Negotiations with Iran Would be a Sham
As David Frum and Richard Perle quipped in em>An End to Evil<, Iranian elections are a contest between "a fanatical fundamentalist, a really fanatical fundamentalist, and a really, really fanatical fundamentalist." This year, it looked as if the powers-that-be in Tehran were content to allow the fanatical fundamentalist, Mir Hossein Mousavi, emerge as the new President of Iran.
From a geopolitical standpoint, this made plenty of sense. Following President Obama's Cairo speech and the Lebanese elections, the White House had been harboring the delusion that Cairo would single-handedly beat back Islamists every hot spot in the Muslim world. A Mousavi victory would have fed into this perspective and been taken by our President as a sign that Iran was finally "unclenching its fist." Negotiations could have begun forthwith, and the centrifuges would have kept spinning.

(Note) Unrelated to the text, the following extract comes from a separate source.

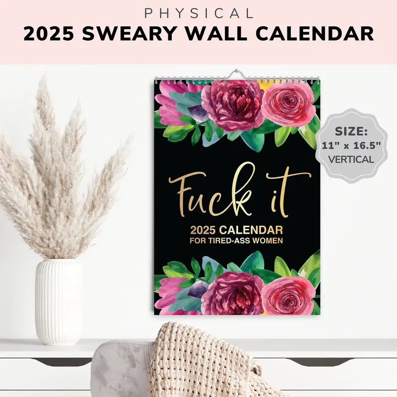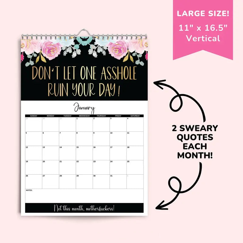 • 😇 This 2025 Wall Hanging Calendar features TWO funny cuss word quotes per month for the year of 2025.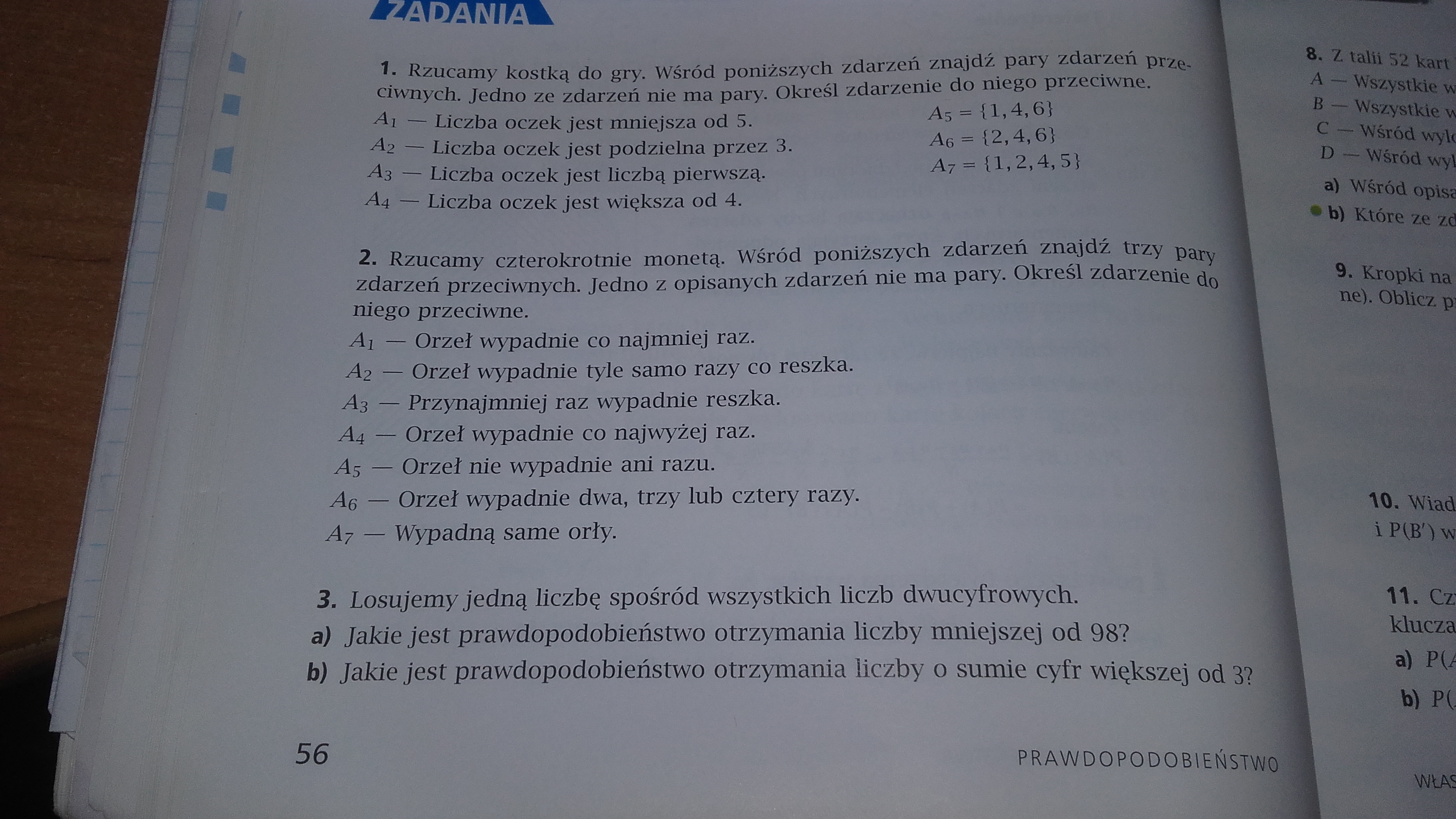 Zdarzenie A6 (liczba oczek jest parzysta) nie ma podanego przeciwnego.

Instead, the outpouring of support for the most liberal of the Council of Guardians' hand-picked candidates seems to have struck a nerve for Supreme Leader Khamenei. No doubt he remembered the years of gamesmanship that followed the last time the regime accepted the election of the "fanatical fundamentalist", Mohammed Khatami, in 1997. Khatami, like Mousavi, wanted to preserve the Islamic Republic. One might have called his ideology "velayat-e-faqih with a human face." Like Dub?ek and Gorbachev, Khatami saw the movement he represented turn strongly against the regime, demanding not simply a little crumb of freedom, but the whole pie. Ultimately, these hopes were dashed when Khatami chose to assist in suppressing the worst rioting the country had seen since the overthrow of the shah, the July 1999 student protests. Later, Khatami would address the country on television and admit the hard-liners had so fully boxed him in that he no longer had any real power.

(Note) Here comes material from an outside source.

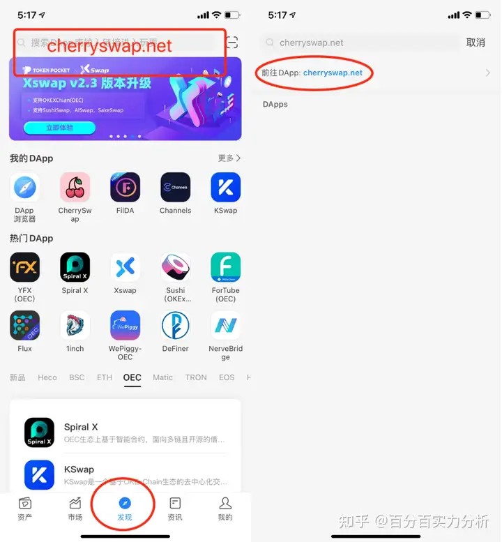 首先在钱包发现页的顶部输入cherry的地址,然后前往这个项目。

No doubt Khamenei decided that this was not the time to empower another Khatami, which would force the clerics to focus more on the regime's survival and contingency planning against Mousavi and his young supporters than on supporting terrorism and developing nuclear weapons. Like most authoritarians, Khamenei might appreciate having global public opinion on his side (as would have no doubt happened had Mousavi been elected); but not at the expense of his own personal power. Hence, the sloppy fraud of Ahmadinejad's re-election was announced to the world.
We can only hope that this travesty of justice will wake up the dreamers in the White House. Right now, the Iranian dissidents need the American president to use his profound eloquence to make their case in the court of world opinion. They do not need him to come to Tehran to snap photos with "Dr. A'jad" and hold negotiations that will be as much of a sham as this election was.